Cogió los dos pedazos y los rasgó. Repitió el proceso otra vez, y otra, y otra, y no se detuvo hasta que los fragmentos fueron tan pequeños que se deslizaron entre sus dedos y cayeron al suelo. Una lluvia de confetis maltrechos. Exhausto, sentado en el colchón, notó cómo sus labios crujían para formar una sonrisa. Corrió al espejo del baño para comprobarlo. El cristal estaba sucio y ni siquiera había encendido la luz pero sí, no había duda: sonreía.
Barrió.

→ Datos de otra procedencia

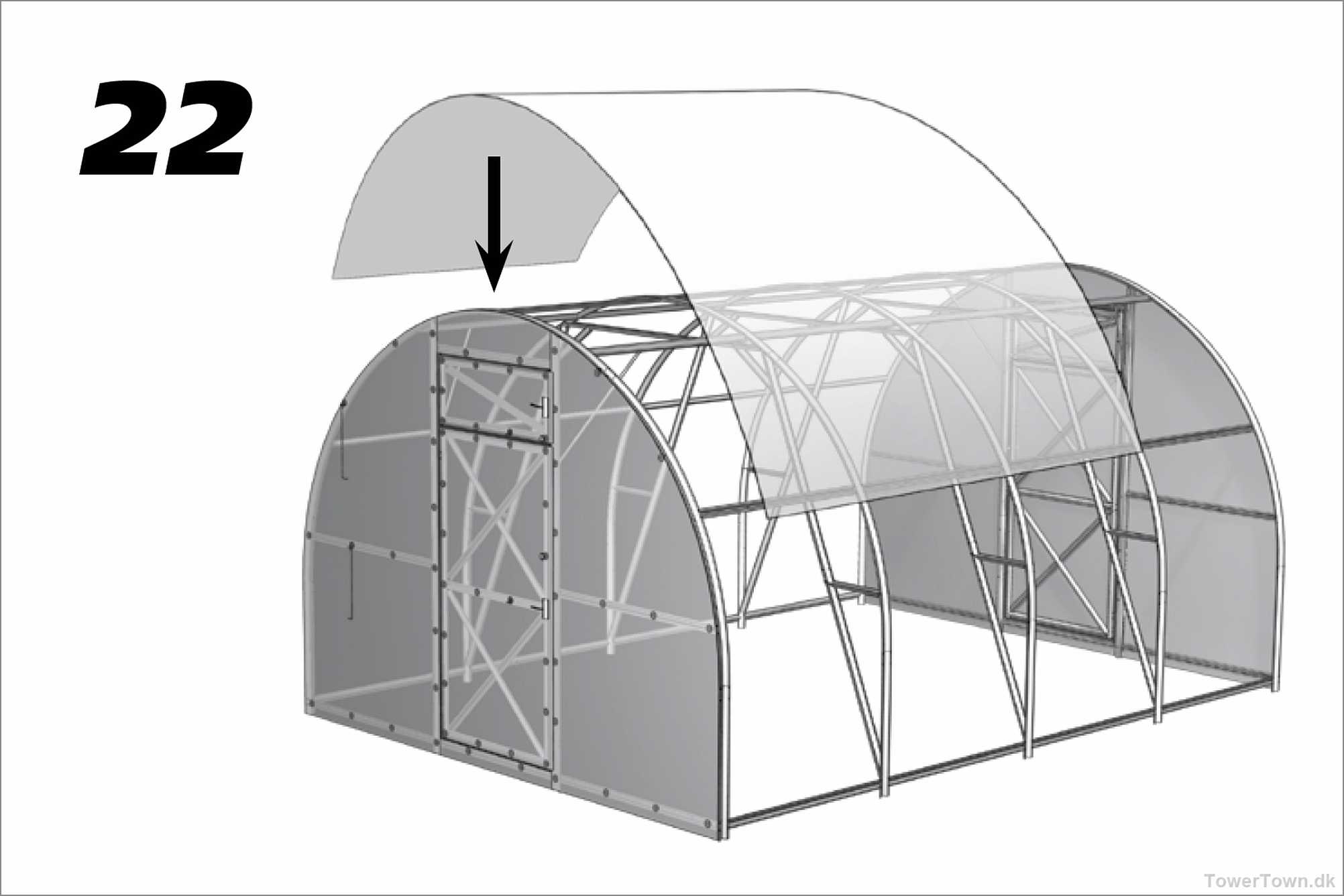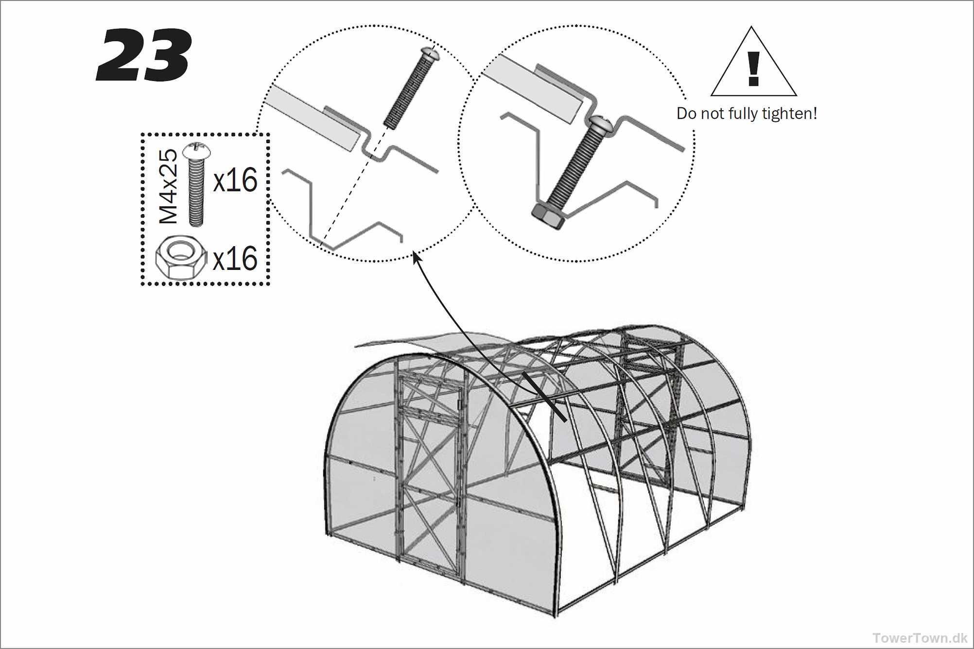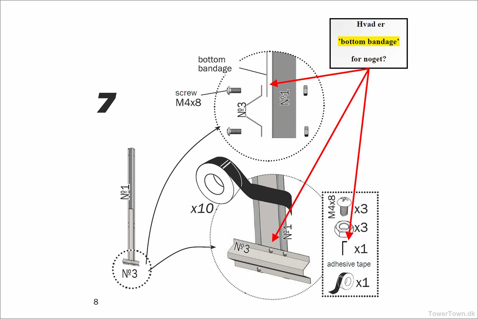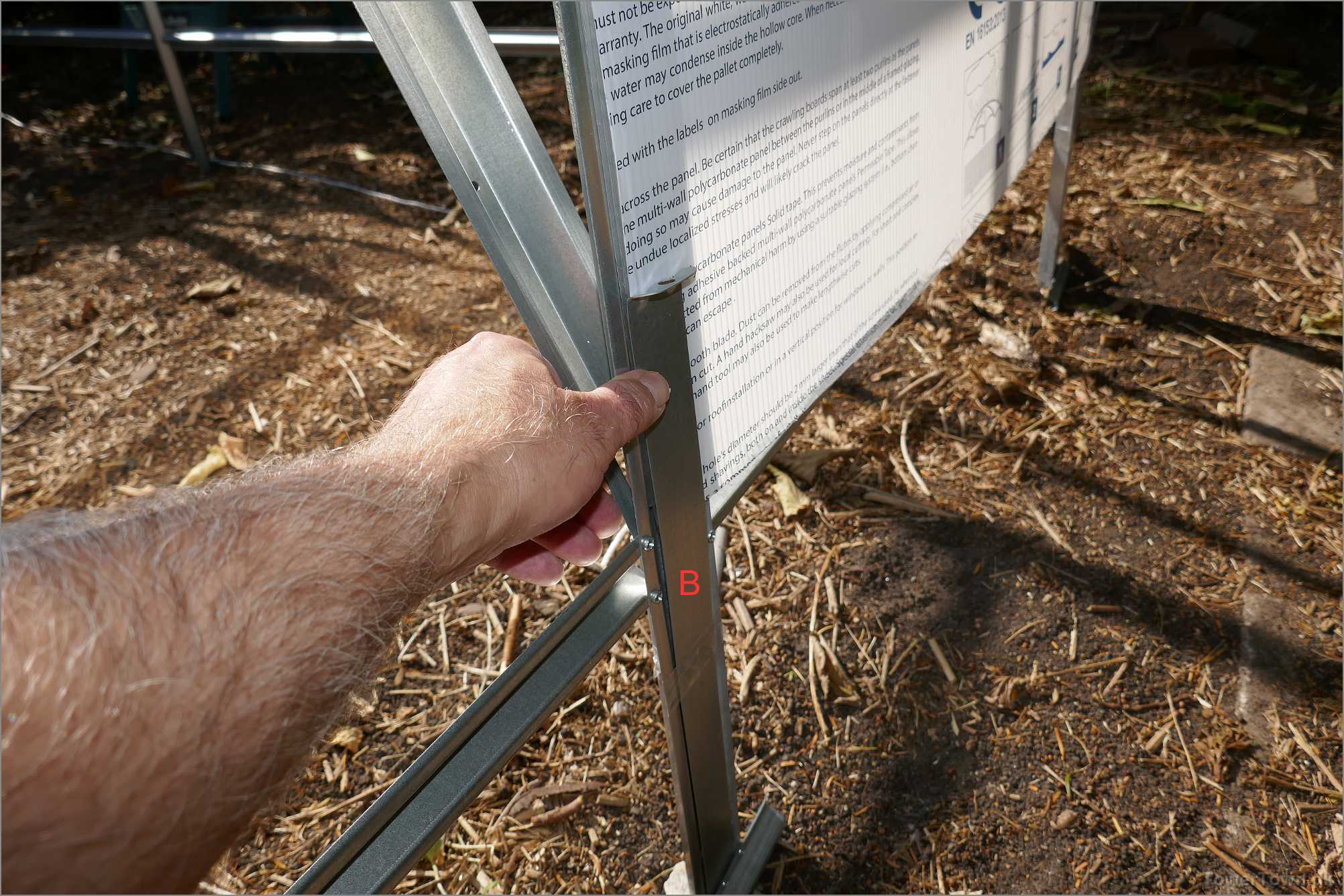 ... og kommer endelig frem til, at metalbåndet der spændes hen over drivhuset må være 'Top-bandage', hvorfor den nederste del så må være 'Bottom bandage' , hvilket så blev tilføjet grafikken, og sendt til forhandleren, med forslag om at få det tilføjet manualen i klar tekst, og dermed spare brugeren for hovedbrud og spildtid.
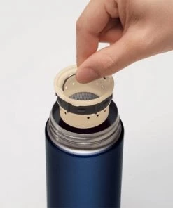 The Stainless Mug with Tea Leaf Filter features a Tea Leaf Filter for steeping fresh tea right inside the mug and stops tea leaves from flowing out while drinking. It has a smaller diameter than previous mugs for an easier grip.

Tiró todos aquellos papelitos en el cubo de la cocina y los sepultó con los restos de una cena solitaria. Antes de salir de casa, volvió al dormitorio. El cajón de la mesilla continuaba abierto. Al agarrar el tirador, la pieza se desprendió y rodó bajo la cama. No se molestó en recogerla. Empujó el cajón con delicadeza, dejándolo cerrado. Cuatro meses más tarde, la mujer de la limpieza de los nuevos inquilinos descubriría aquella bola roja en un rincón. Todos los muebles habrían cambiado, por supuesto, sustituidos por otros mucho más nuevos, así que al buscar a su alrededor uno al que pudiera pertenecer aquel extraño tirador, la mujer no lo encontraría. Se guardaría la pieza de madera en el bolsillo del delantal y seguiría limpiando y tarareando la canción que sonaba en la radio.